Net of Selected Volatile Items - This measure refers to the rate of change in the CPI which excludes the following items/ commodity groups: educational services, fruits and vegetables, personal services, rentals, recreational services, rice, and corn which together represent 37.6 percent of the CPI basket. Trimmed Mean - represents the average inflation of the (weighted) middle 70 percent in a lowest-to-highest ranking of year-on-year inflation rates for all CPI components.
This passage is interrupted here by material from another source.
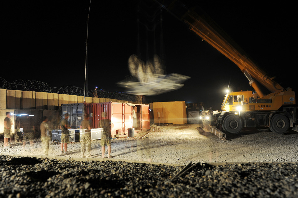 A crane works through the night helping to dismantle the last of the communication systems used by troops in Forward Operating Base Shawqat [Picture: Corporal Si Longworth RLC, Crown copyright]
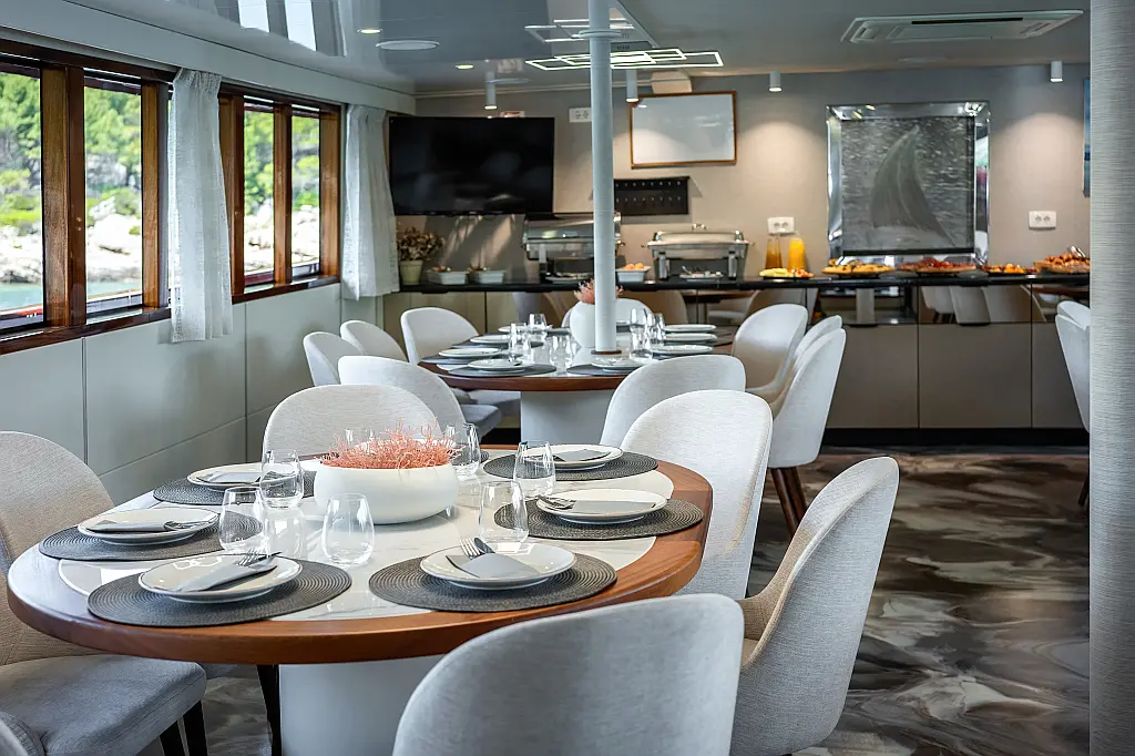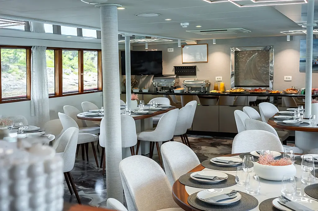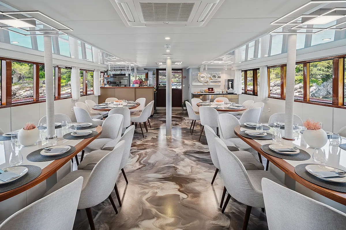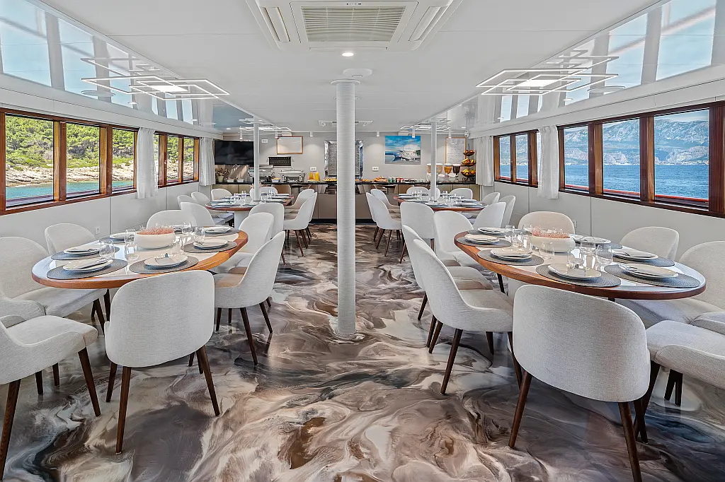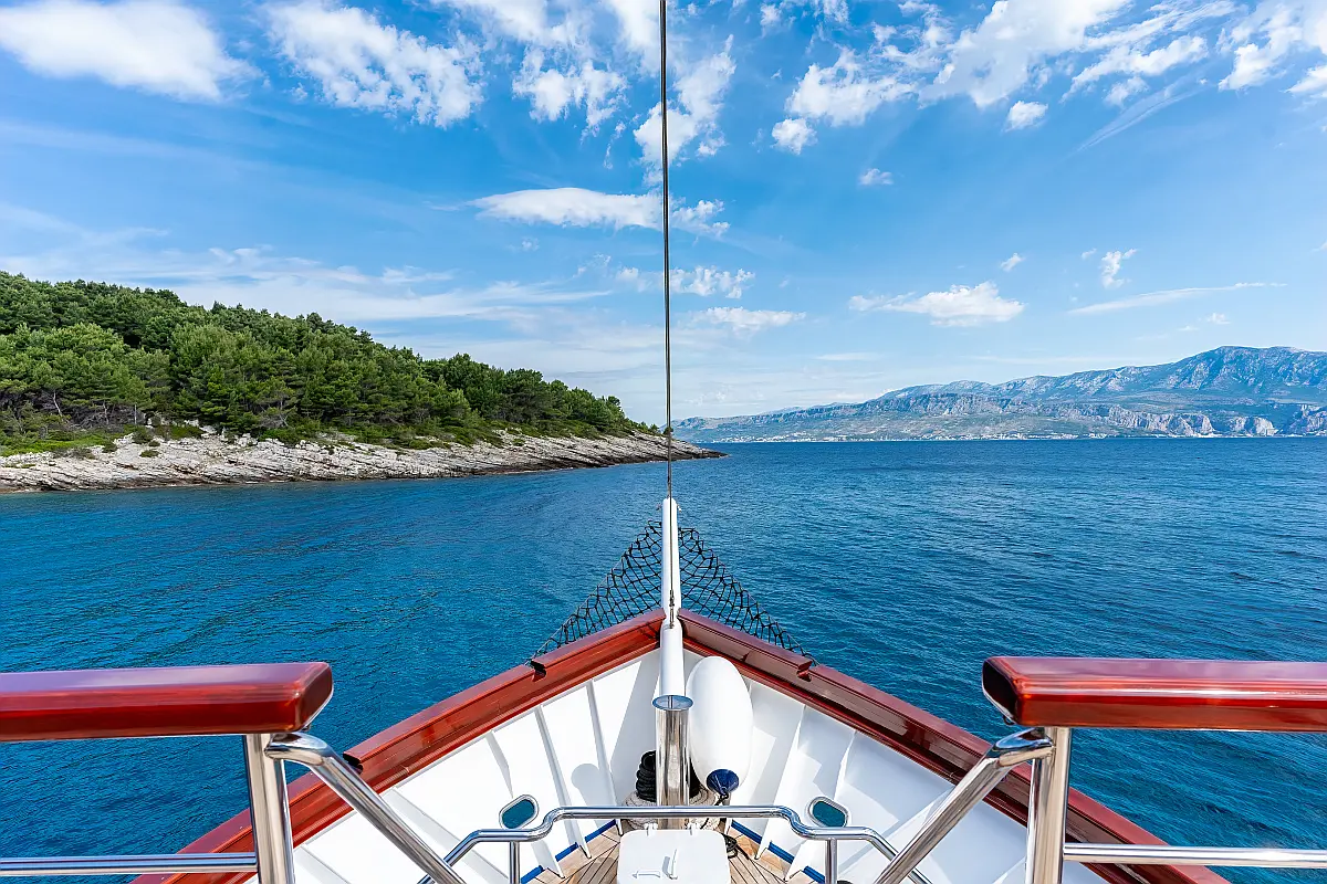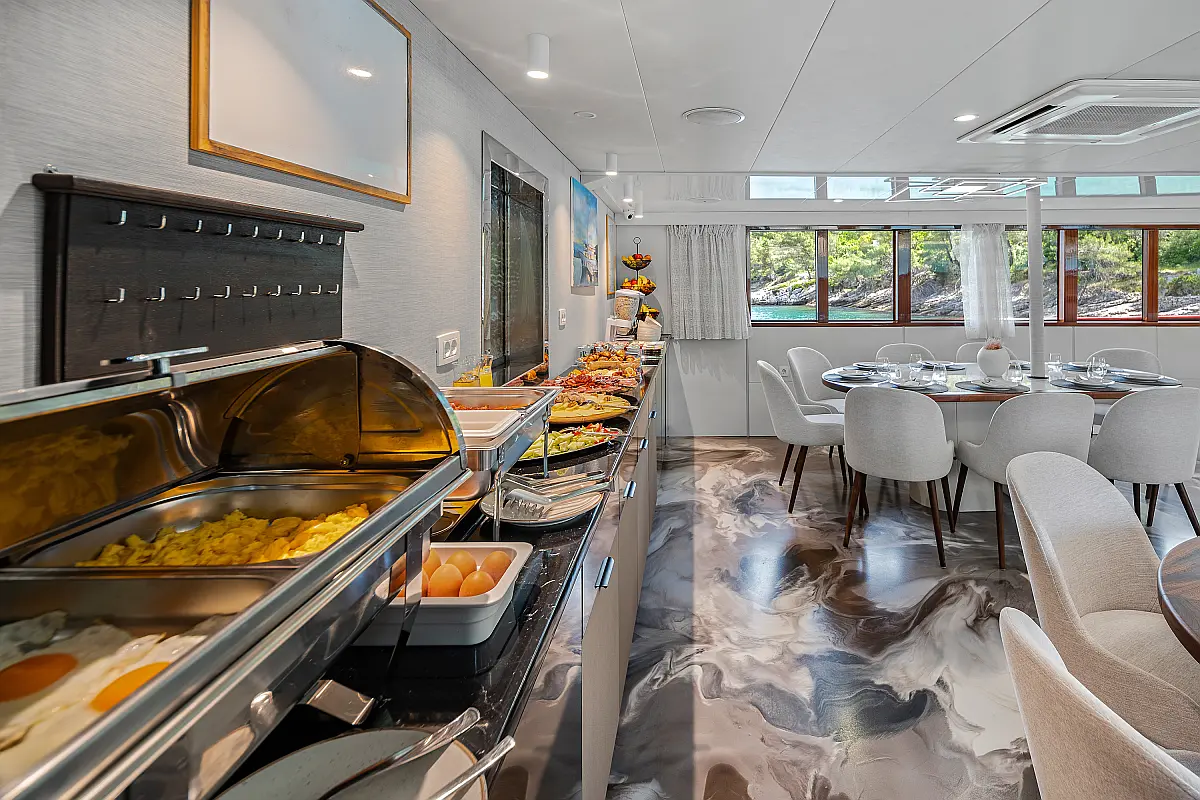 VHF radio, Compas, True heading autopilot, Samyung color radar, Echo sounder, Standard solas navigation lights, Two horseshoe bouys with warning lights, Solar life jackets for each passenger, Automatic inflatable liferaft for 50 people, Central alarm for fire equipment, Smoke detectors in each cabin, Portable fire extinguishers for corridors and salon, Fire extinguishers in the engine using aerosol

Weighted Median - represents the middle inflation (corresponding to a cumulative CPI weight of 50 percent) in a lowest-to-highest ranking of year-on-year inflation rates.

M1 or Narrow Money consists of currency in circulation (or currency outside depository corporations) and peso demand deposits. M2 or Broad Money consists of M1 plus peso savings and time deposits. M3 or Broad Money Liabilities consists of M2 plus peso deposit substitutes, such as promissory notes and commercial papers (i.e., securities other than shares included in broad money). M4 - consists of M3 plus transferable and other deposits in foreign currency.